Food, chemicals and services companies have marched abroad in step with automakers and machinery firms on the lookout for investments that will generate returns.

The biggest acquisition in the first half was Sumitomo Mitsui Financial Group's $7.3 billion purchase of the Royal Bank of Scotland's aircraft leasing arm.

That followed a deal unveiled by Takeda Pharmaceutical in May 2011 to buy Swiss drugmaker Nycomed for 9.6 billion euros (then $13.6 billion).

Canon (IW 1000/86) Chairman Fujio Mitarai also said in a media interview last year that the camera maker was setting aside one trillion yen for use by 2015 on mergers and acquisitions.

Japanese authorities have encouraged direct private-sector foreign investments and reiterated the mantra of "harnessing the growth of Asia and emerging markets" to boost the economy at home.

"Many years ago, it was machinery companies or automakers leading Japan's direct foreign investments," said Naonori Yamada, deputy director of international economic research for the government-backed Japan External Trade Organization.

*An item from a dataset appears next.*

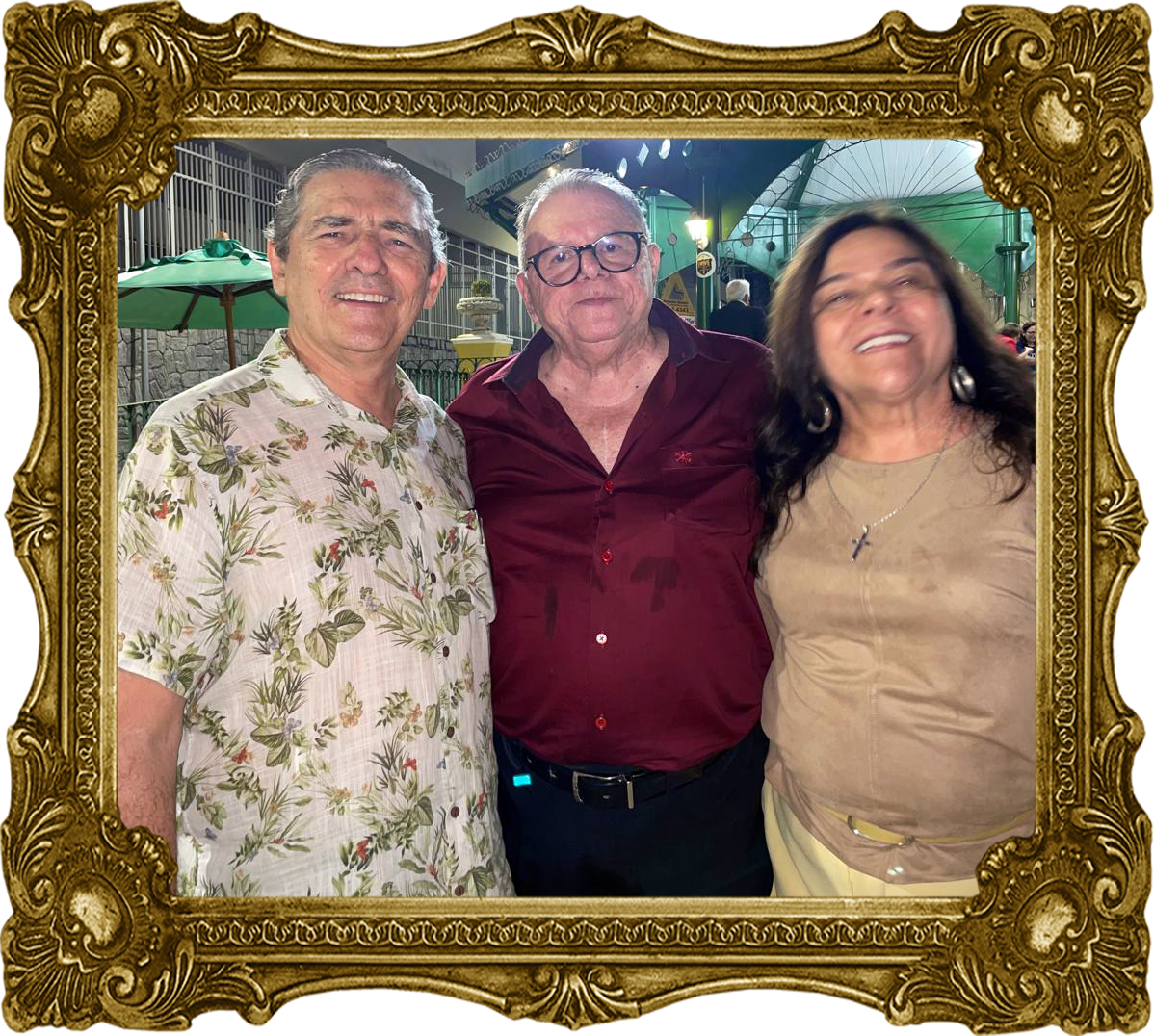 Ilustradas 01.04.2026 Presidente e primeira-dama da Academia de Cinema, Régis Frota e Aurila, ladeando imortal Juarez Leitão.
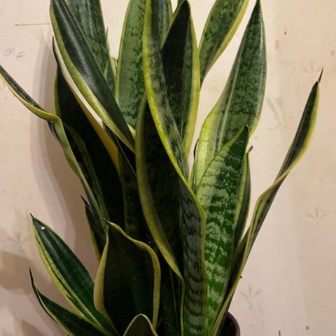 Sansevieria växt i kruka med gröna, upprätta blad med mönster. Lämplig som inomhusväxt och kräver minimal skötsel.

"Now it's (consumer products or services) companies trying to firm up their access to emerging markets," as the Japanese market remains sluggish, he said.

Trading houses in the resource-poor country have also intensified their search for foreign energy and mining deals.

Earlier this year Marubeni Corp agreed to buy U.S. grain giant Gavilon LLC for about $3.6 billion, while trader Mitsubishi Corp bought a 40% stake in Encana Corp's (IW 1000/428) Canadian shale gas assets for about $2.9 billion.

"These (natural resources) deals bring together Japanese firms that have no place at home to put their money and foreign resources firms with investment needs," said Mitsubishi UFJ's Kobayashi.

Meanwhile Japanese manufacturers, such as carmakers, are rushing to boost production in Asia, Latin America and Russia to cut costs and to make products for regional customers.

"Manufacturing jobs will leave Japan, regardless of forex rates," said Kobayashi. "If you are making the same products, you are sure to lose against China and South Korea.

"It is not a case of Japanese firms abandoning Japan. They are going to places where there is demand, as they must."